The 2020 season proved just how quickly storms can intensify, according to Brennan.
“We saw some really remarkable rates of strengthening last year,” he said.
Storms often grow stronger in a short period of time, according to Brennan, who said last season had plenty of examples.
“Every Category 5 hurricane that’s made landfall in the United States was a tropical storm two or three days before it reached that intensity,” Brennan said.
He said storms can hit an area that’s favorable for quick development as they come closer to shore.

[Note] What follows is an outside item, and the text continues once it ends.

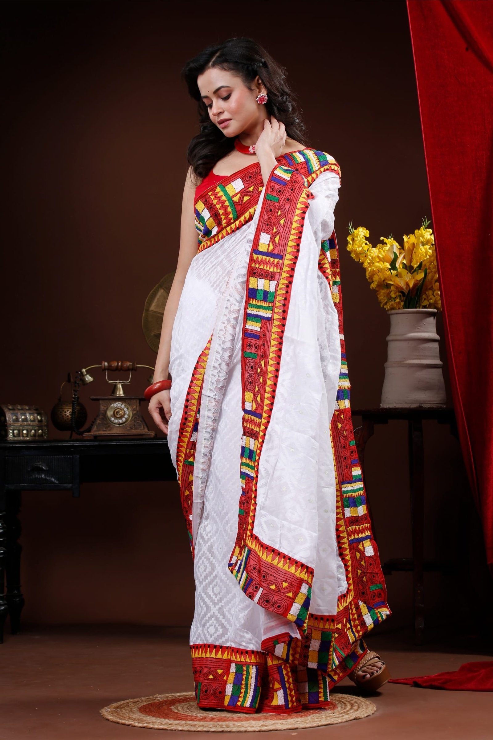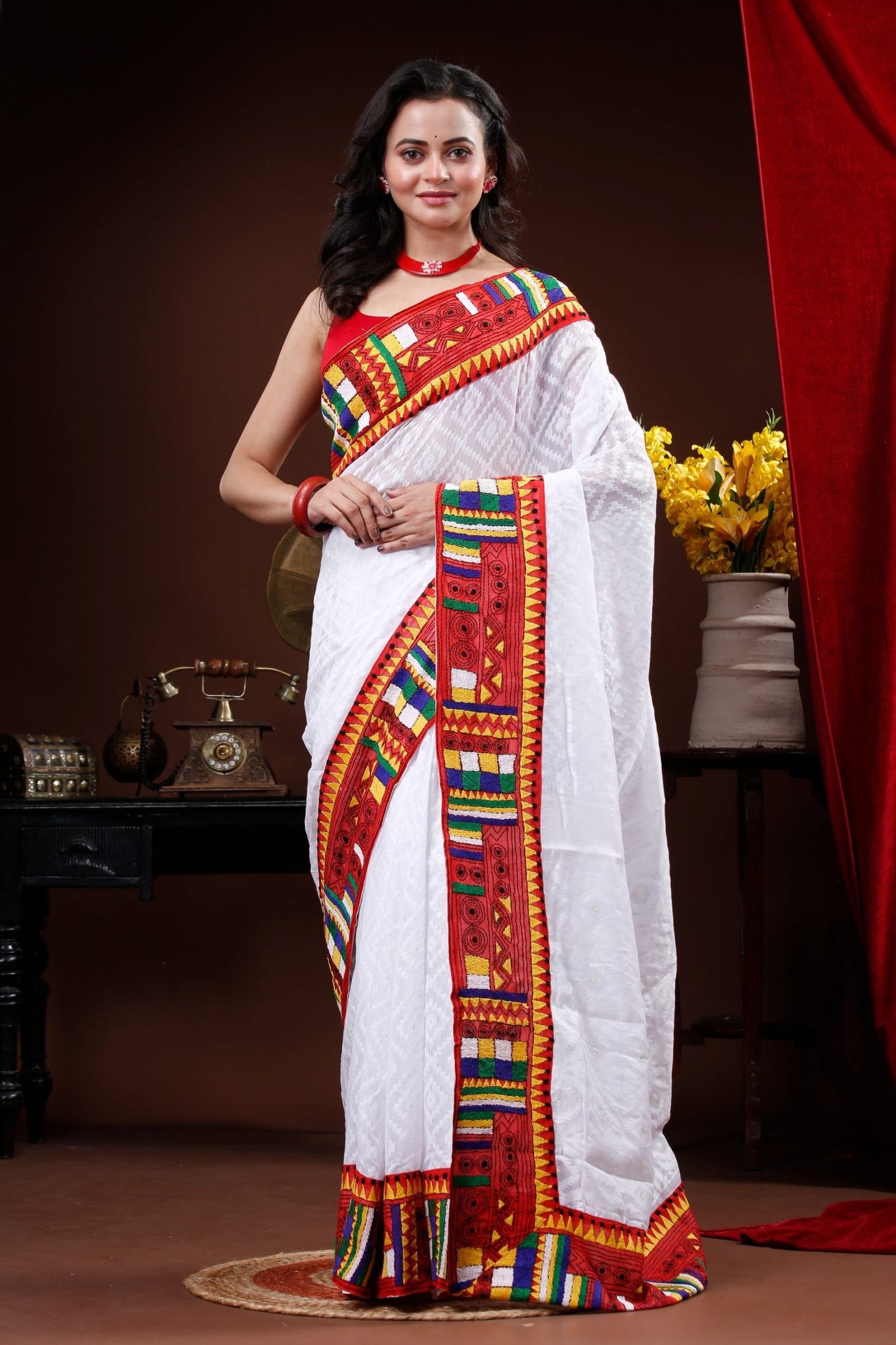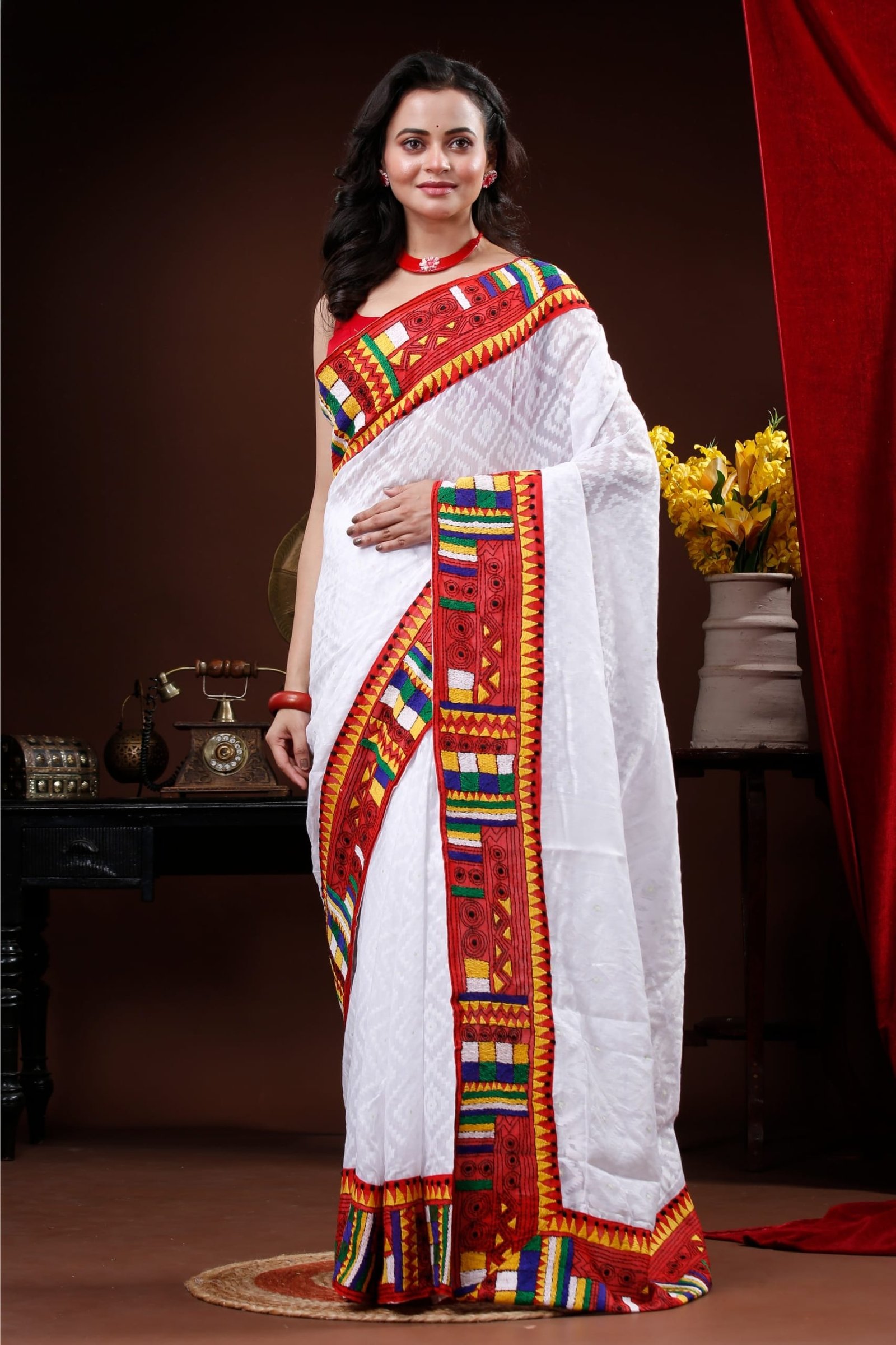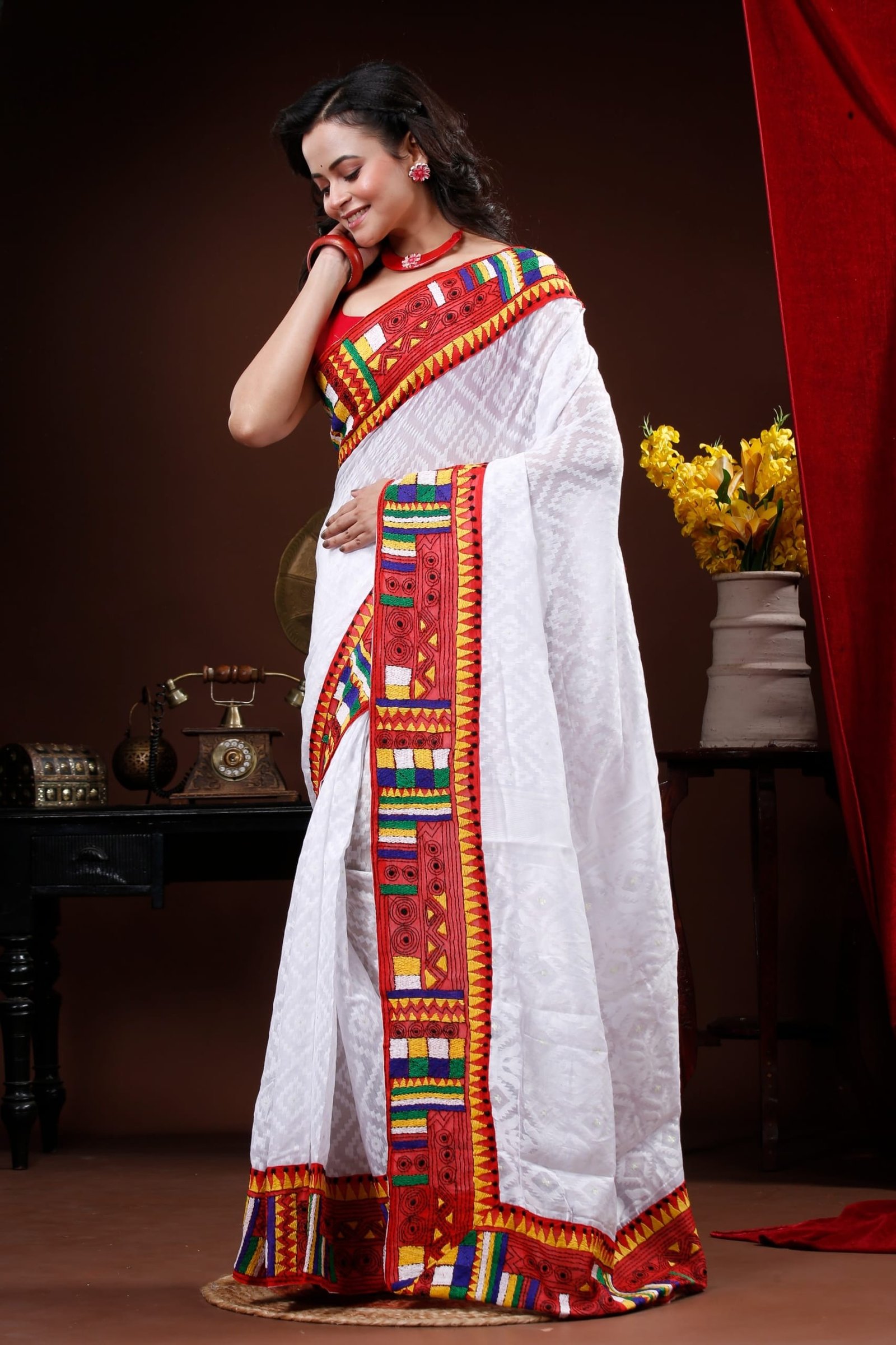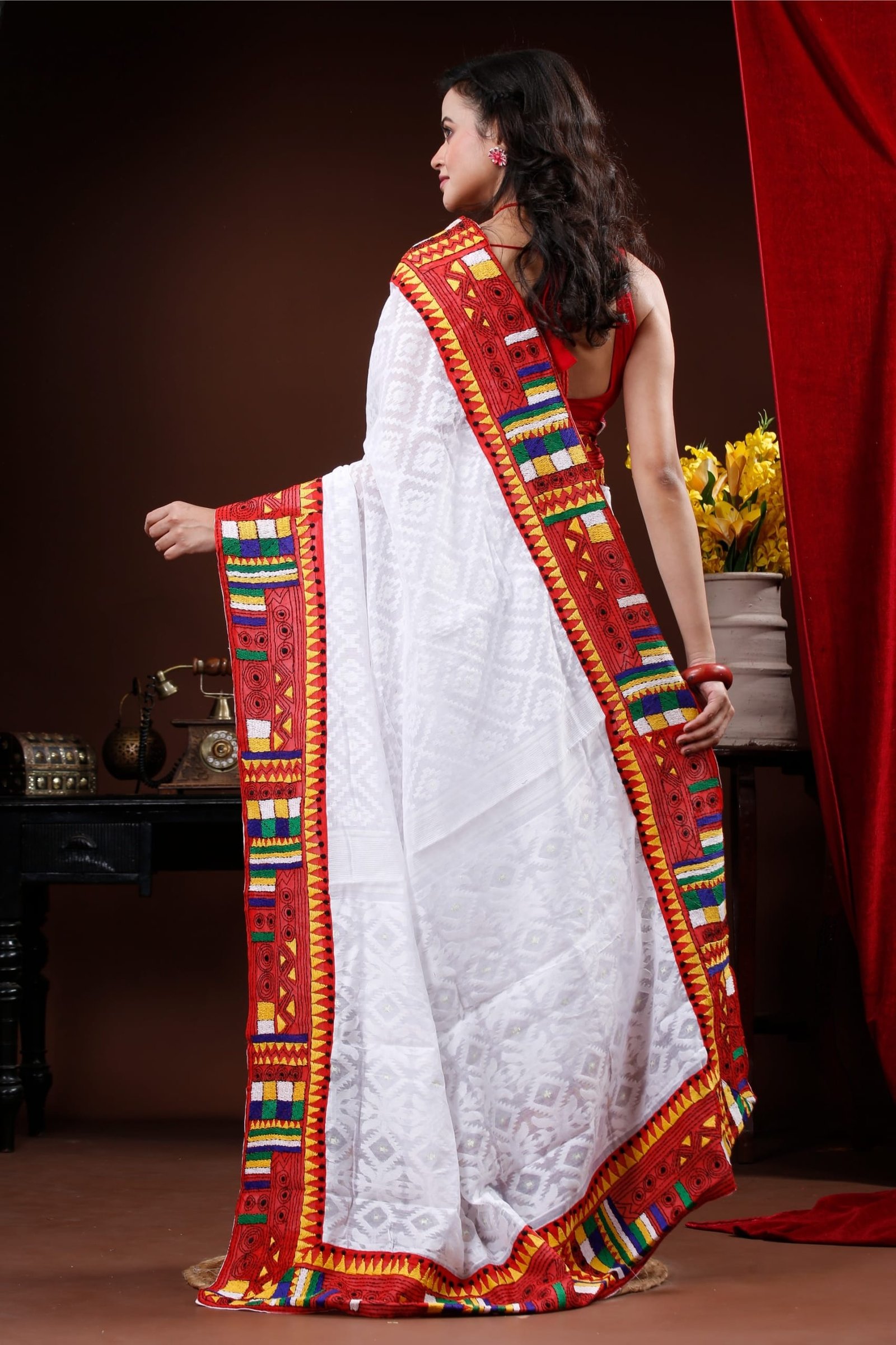 White Self patterned Dhakai saree with red geometric kantha border

“They hit that sweet spot and they rapidly strengthen right up until landfall. That’s what happened (with) Michael and Andrew and the (1935) storm in The Keys, and Camille, for example,” he said.
Bottom line: Despite any fatigue you’re feeling, pay attention this year. Because Brennan said when storms shift in a pandemic, those shifts can be a big problem.
“The sheltering guidance that they get from their local emergency managers might change, they might do different types of sheltering,” he said.
Safety orders could change, too, so, get your family ready now.
Brennan said don’t be caught off guard.
“Brevard County up to the Space Coast may have to evacuate for storm surge. Know where you’re going to go,” Brennan said.
Brennan said being prepared can greatly reduce your stress.
“Just having that plan in place now can really reduce your anxiety level and your level of tension and stress when the storm actually approaches,” he said.